Otomeyama Kofun (乙女山古墳) is a burial mound from the Kofun period, located on the border of the Terato neighborhood of the town of Kōryō and the Samita neighborhood of the town of Kawai, Nara Prefecture in the Kansai region of Japan. The tumulus was designated a National Historic Site of Japan in 1956. It is one of the burial mounds that make up the Umami Kofun cluster.

==Overview==
The Otomeyama Kofun is a hotategaishiki (帆立貝式古墳)-style scallop-shaped burial mound located on the eastern edge of the Umami Hills in western Nara Prefecture, about 800 meters north of the Suyama Kofun. Archaeological excavations were carried out from 1986 to 1987. The posterior circular mound is 94 meters in diameter and 15.5 meters high, and is built in three tiers. To the southeast, it has an extremely low and flat anterior section measuring 50 meters wide and 29 meters long, with a small rectangular projection at the 10 o'clock position of the circular mound. The remains of the moat that surrounded it are also well preserved. The moat is wide at the front and narrower at the rear circular mound. The rear circular mound is built in three tiers, the first and second tiers are low and gentle, and the third tier is steep, giving it the shape of an upside-down bowl. Fukiishi roofing stones are applied to the slopes of each tier.
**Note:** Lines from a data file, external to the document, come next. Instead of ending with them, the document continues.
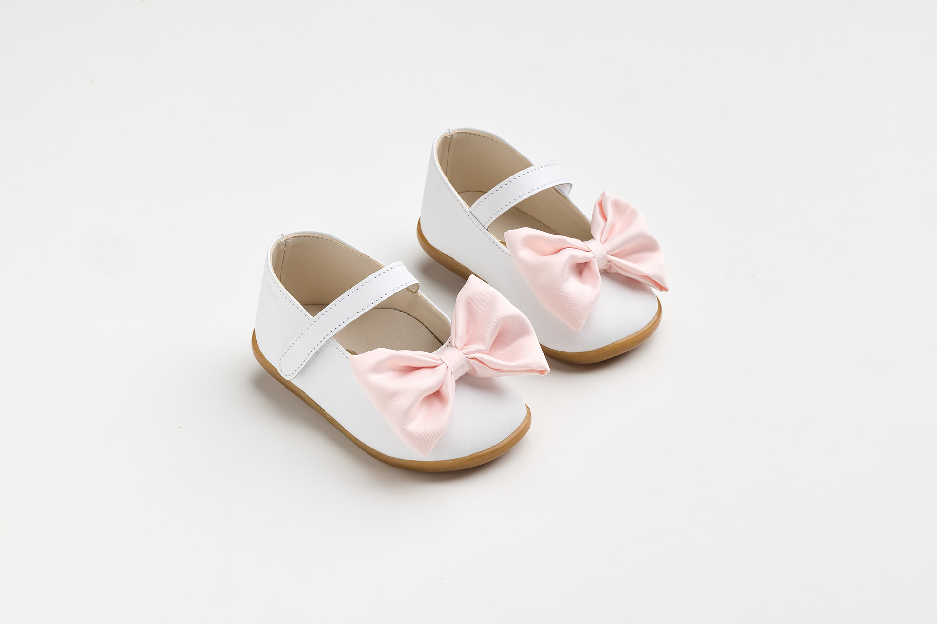 Μπαλαρίνα για τα πρώτα βήματα σε λευκό τεχνόδερμα με ροζ σατέν χειροποίητο φιόγκο
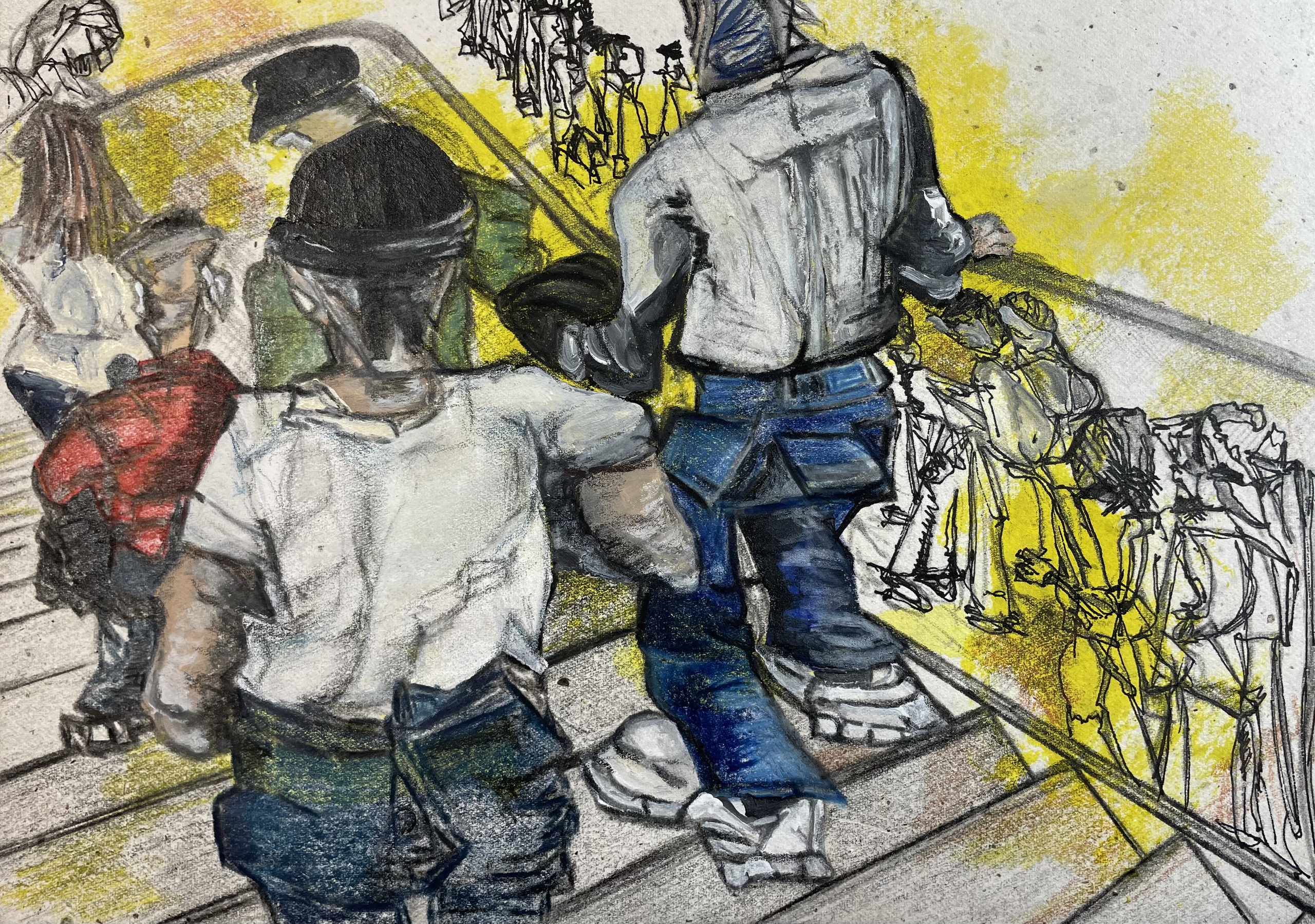 Mixed Media Papier Tekening Crowdscape
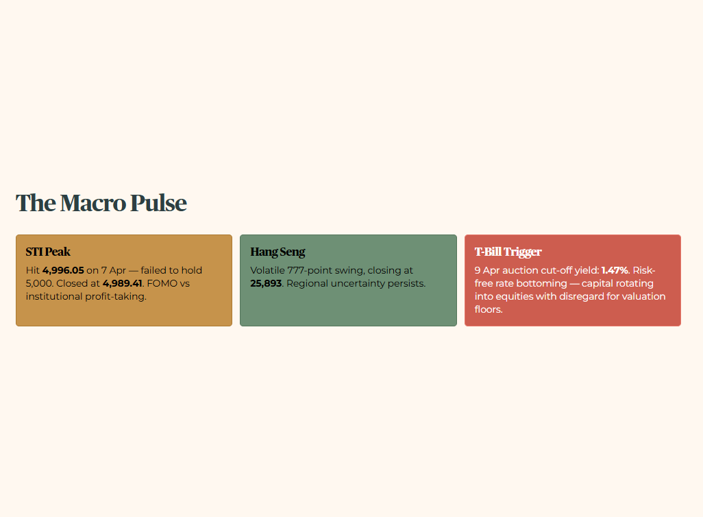 The Straits Times Index (STI) reached a psychological peak of 4,996.05 on April 7, though it failed to hold the 5,000-point handle, closing the week at 4,989.41. This hesitation at the threshold indicates a standoff between retail “Fear Of Missing Out” (FOMO) and institutional profit-taking.
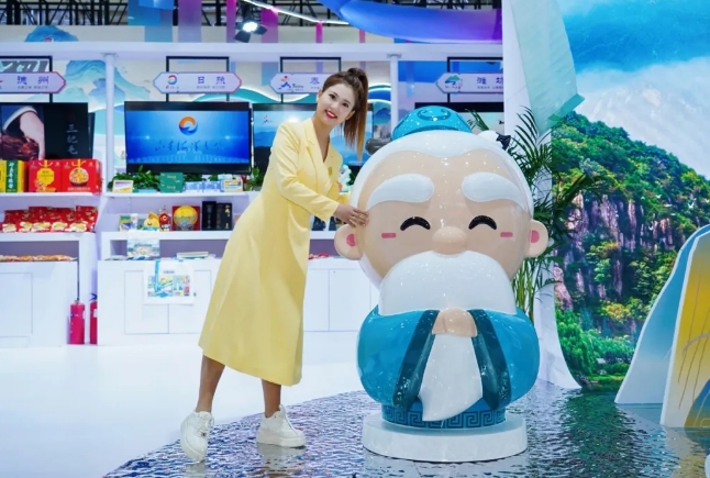 步入山东展区,一座憨态可掬的“孔爷爷”雕塑正以传统拱手礼迎候八方来客。
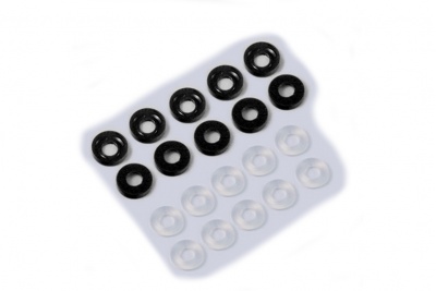 This is a packet of (10) Chassis Tweak Adjustment Washers and O-rings designed to enhance consistent grip and reduce chassis tweak that can develop during crashes.
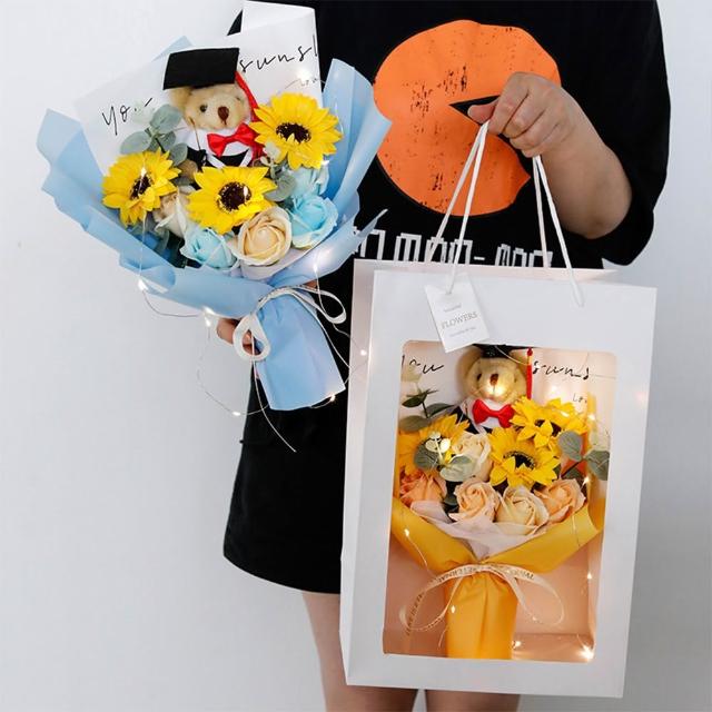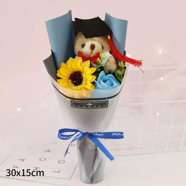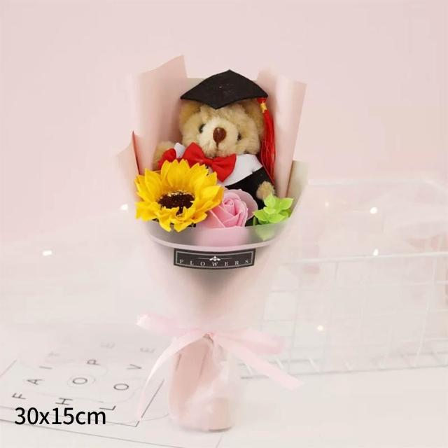 Warm House Decor 暖和家居向日葵小熊畢業花束 (學生畢業送禮 香皂仿真花 幼兒園畢業花束 小熊花束 向日葵花束 )
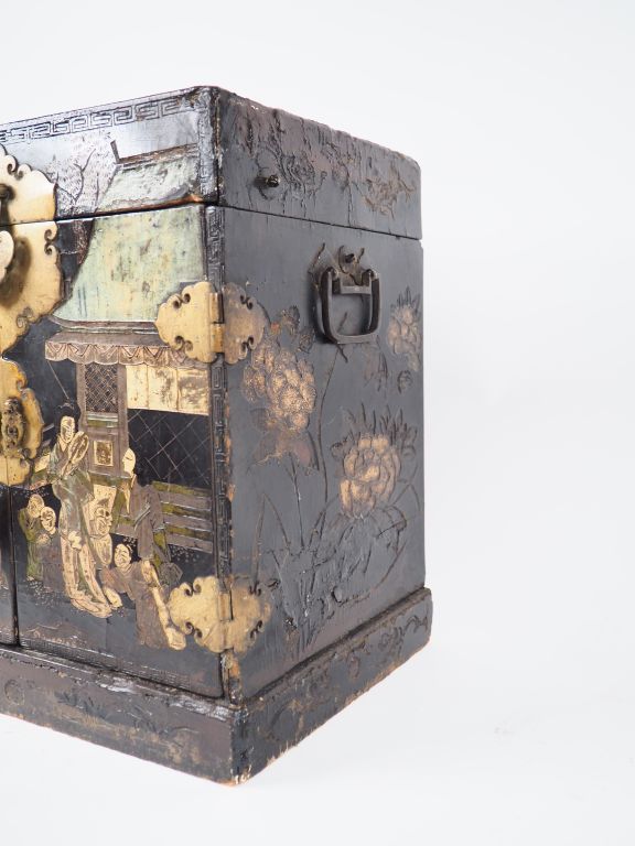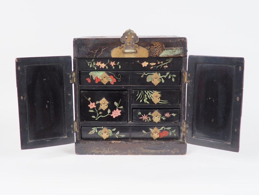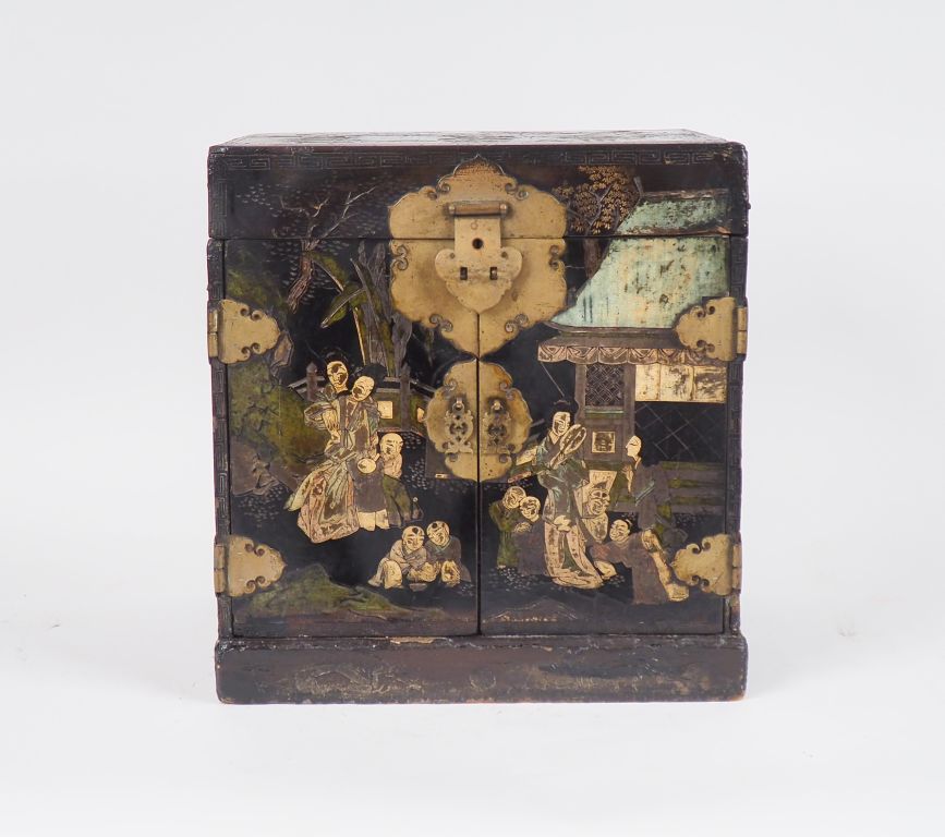 Chine, XVIIIe siècle Guanpixian en laque de Coromandel ouvrant à deux portes et abattants ouvrant sur cinq tiroirs à décor de personnages H. 32 cm
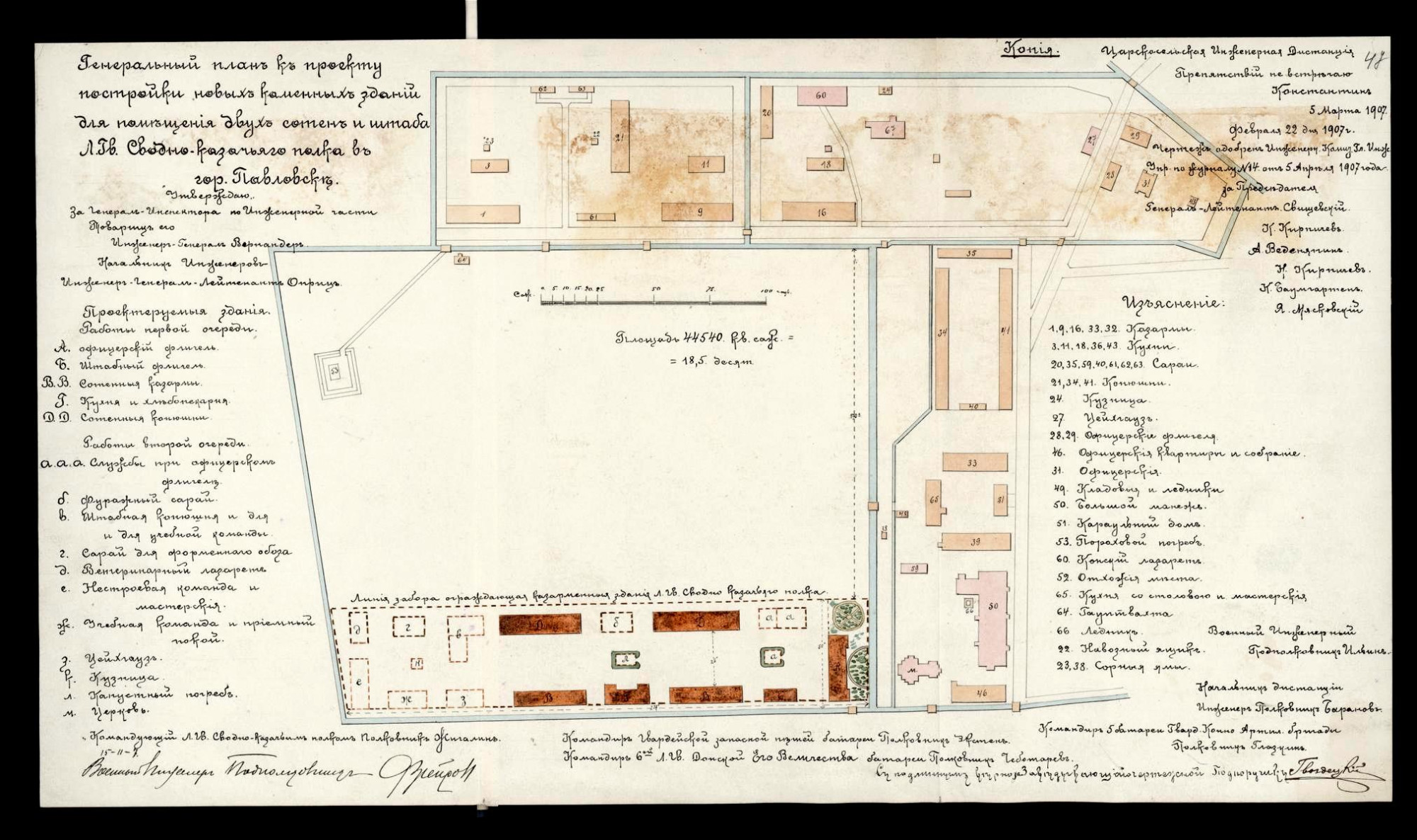 Сотни дислоцировались: 1-я — в С.-Петербурге (на ул. Караванной), 2-я — в Гатчине, 3-я и 4-я сотни, штаб и команды полка — в Павловске, в специально выстроенных (к осени 1907 года) 2-этажных каменных казармах.

Based on the excavated haniwa clay figurines and the shape of the tomb, it is estimated to date to the first half of the 5th century. Both cylindrical and figurative ( house-shaped, jar-shaped, and lid-shaped) haniwa, as well as earthenware products, Haji ware and Sue ware, were unearthed. The burial facilities in the rear circular mound are unclear, but it is speculated to have been a clay coffin, based on scattered fragments of clay with vermillion coloring.

It is located in the central area of the well-maintained Umami Hillside Park. It is approximately two kilometers southwest of Hashio Station on the Kintetsu Railway Tawaramoto Line.